Node JS runs on single core. If that single core is maxed out, this is your issue.
If I were to guess, then something in your flows is maxing out the CPU core it's running on. Probably a loop of some kind of perhaps you have something running upon deploy (e.g. Do any of your function nodes have code in "on start" or "on close"?)
Without having access to your flows it is mostly guess work however, you can make strides yourself. I would start by disabling various flow tabs until you get something sensible. And to save you waiting half an hour between deploys, I would do this in reverse. What I mean by that is start note red in safe mode, disable all but one tab, then deploy. If the deploy is snappy enable another tab, deploy and so on until it becomes unresponsive.
This is what i have started to do. Please note 50% CPU i took from Windows Task Manager.
(Other non Node Red processes continue to run on this server).
Btw - anyone knows how subflows impact the flow loading / deployment ? Cos we do have quite a few subflow calls.
Another thing you could try is disabling all but one of your tabs and see if that speeds things up. If it deploys quickly then enable 20 more tabs. If the problem shows up you know it is somewhere in those ten so you can eliminate them bit by bit till you find the issue.
Doing that.
Started with all tabs disbabled.
Life looked good. Deploy was almost instantaneous.
Started enabling them 1 by 1.
I finally started seeing a pattern. If the tab being enabled had a subflow call - that started adding to the deploy time. The initial tabs just had 1 subflow or few subflow calls (less than 5).
On the last tab enabled - the deploy time jumped from few seconds to over 5 mins. And that tab has around 60 injects each calling a subflow. (Many of these injects call the same subflow - but with different params)
(Each inject is connected to its own subflow to avoid instances of subflow interfering from each other)

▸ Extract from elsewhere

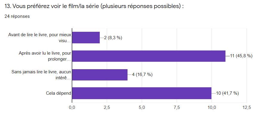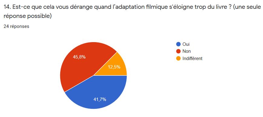 13. En revanche cette réponse, en écho à la réponse 10, montre que le livre n’a pas autant son importance que le film (analyse précédente). Le livre suscite moins de curiosité et d’intérêt lorsque son adaptation filmique existe.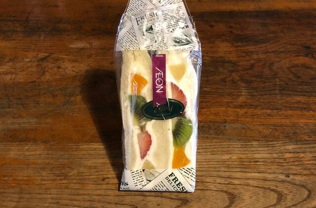 イオンでは、シロップにつけたマンゴー、みかん、黄桃、パイナップルをホイップクリームとりんごジャムでサンドしたフルーツサンドを販売中。

It seems if we have more and more subflow calls - it impacts the deploy time. I am not yet clear why should it. Is this a known behaviour ? Anyone knows ?
Some background: If you have a subflow that contains 100 nodes, then you add 100 instances, this expands to 100 * 100 (10000) additional nodes to setup, destroy, re-create when a deploy happens. If each of those subflows have initialisation code - that has to run for every one of them.
This is what i think is happening. I have simple flows and complicated flows. Many of the flows were created before link call feature was available. I also need to check if indeed there are no STATEs. Mostly i dont have STATEs - as i prefer not to work with NR Flow/Node level contexts. DB or global contexts - which i try to avoid overlap. But need to check.
The challenge with link calls / link in etc. is some of subflows have parameters. And unfortunately today we dont have such mechanism . So significant portions of "re-write" may come into play. Lets see.
(Btw not related to above issue - but connected to linked call - and only because you answered this Steve - do you know if we ever move ahead with Link Call enhancements (timeout optional , pass through mechanism etc.) ?
Yes - but i would not expect it to impact "deploy" . For sure execution. Deploy should not care what goes in and what comes out. As that stage there is no message in the system.
and this gets worse if your subflows nest subflows.
each instance creates all its internal nodes and if any of those are subflow instances, they are created too. It really doesnt take much to get to huge numbers
Example:
Subflow1: 10 regular nodes, 5 Subflow2 nodes
Subflow2: 20 regular nodes
Main flows: use 100 Subflow1s and 100 regular nodes
this means 100 + (100 * (10 + (5 * 20))) == 11100 nodes to be created, setup, initialised etc etc.
Contrast that with link-calls (aka pure functions):
Subroutine1: 1 link-in, 10 regular nodes, 5 link calls to Subroutine2, 1 link-return
This was clear once you wrote the earlier note. As i said i need to check if indeed i can move entire subflow to link calls. I have some subflows which take parameters.